There is much at stake here. For if it can be shown that the factual record does not support the claim that China restricted exports of Rare Earths to Japan in 2010, and to other Western countries during the decade 2010 to 2019, then the threat of Rare Earths being cut off is hypothetical. On the other hand, if there is a track record of unusual reductions in Chinese Rare Earth exports, then this buttresses the case for thickening the markets for Rare Earths, a central recommendation of the 31st Global Trade Alert report, where a longer version of this analysis can be found (Evenett and Fritz 2023).
One matter is not in dispute as the facts were hashed out in disputes taken to the WTO: China has used export quotas and other export restrictions on Rare Earths. What is at issue here is whether the United Nations’ international trade data show that China singled out particular trading partners for sharp reductions in exports of Rare Earths. Even if we find little evidence of selective targeting of trade partners by China, there is still the legitimate concern that the announced, published export restrictions on Rare Earths implemented by China had adverse consequences for foreign buyers of those materials.
We are not alone in examining the evidence on this matter (Gros n.d.) King and Armstrong (2013), both academic analysts, make a number of pertinent factual points in a column on this matter. In addition, having analysed volume data on imports of specific Rare Earth elements into four Japanese ports, Johnston (2013) concluded: “At the very least, the data suggest that the conclusion about an embargo requires considerably more evidence than much of the media and pundit coverage has heretofore provided.”
Did China substantially reduce Rare Earth exports to Japan in the fourth quarter of 2010?
A critical detail is that, while China may have announced it would take “strong countermeasures” against Japan, it never stated publicly that it had cut exports of Rare Earths to Japan. So, analysts are left to infer whether exports of Rare Earths were reduced, were below typical levels, or were unusually low.
An oft-cited U.S. Congressional Research Service study includes a chart that purport to show a large reduction in Chinese exports of Rare Earths to Japan in October and November 2010 (Morrison and Tang 2012). The data source given for that chart is the “World Trade Atlas”. Our first goal was to reproduce this chart. We could find no international trade data source with that name. The same report, however, makes a few references elsewhere to the Global Trade Atlas database, which is a commercial database provided by S&P Global. Perhaps the authors meant this database instead?
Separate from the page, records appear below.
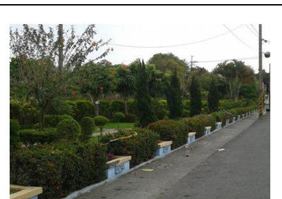
圖 3. 社區花園之三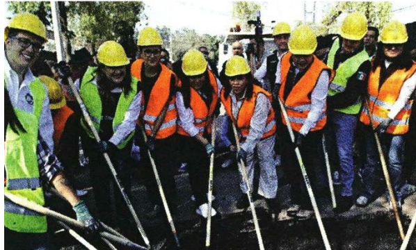
■ La Jefa de Gobierno y los alcaldes iniciaron ayer el programa conjunto de intervención de vialidades capitalinas.

“No es un problema menor, es un tema de movilidad y de infraestructura urbana, con ello vamos a acabar con los daños a los vehículos, a la congestión vehicular”.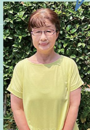
民生・児童委員歴 9年目 (内主任児童委員歴3年)

Faced with this uncertainty, we turned to the United Nations’ COMTRADE database, which is widely recognised as the standard official source of data for international trade. Using the same four HS codes for Rare Earths in the U.S. Congressional Research Service study, we downloaded monthly data on Japanese imports of Rare Earths from China. As is best practice, we used data reported by Japan on its imports of Rare Earths from China as opposed to Chinese data on its exports to Japan.
When we look across a group of Western importers of Rare Earths, if Japan was singled out then, for the months of the embargo, we should observe that the Japanese shares of total Western imports in the months in question are below Japan’s ‘average’ share over time. One advantage of looking at the Japanese share of Western imports of Rare Earths in a given month is that all Western importers face the same prices for Rare Earths during that month. This means that if the price of each Rare Earth doubled and the quantities contracted earlier were shipped, then while the total value of recorded Japan monthly imports would double, the shares of Japanese imports in total Western imports would be, by and large, unchanged. Or at a minimum, when faced with big price changes, the share of Japanese imports in total Western imports would change less than the total value of monthly Japanese imports. In short, the signal-to-noise ratio is higher in the shares data than in the data on the total value of monthly imports.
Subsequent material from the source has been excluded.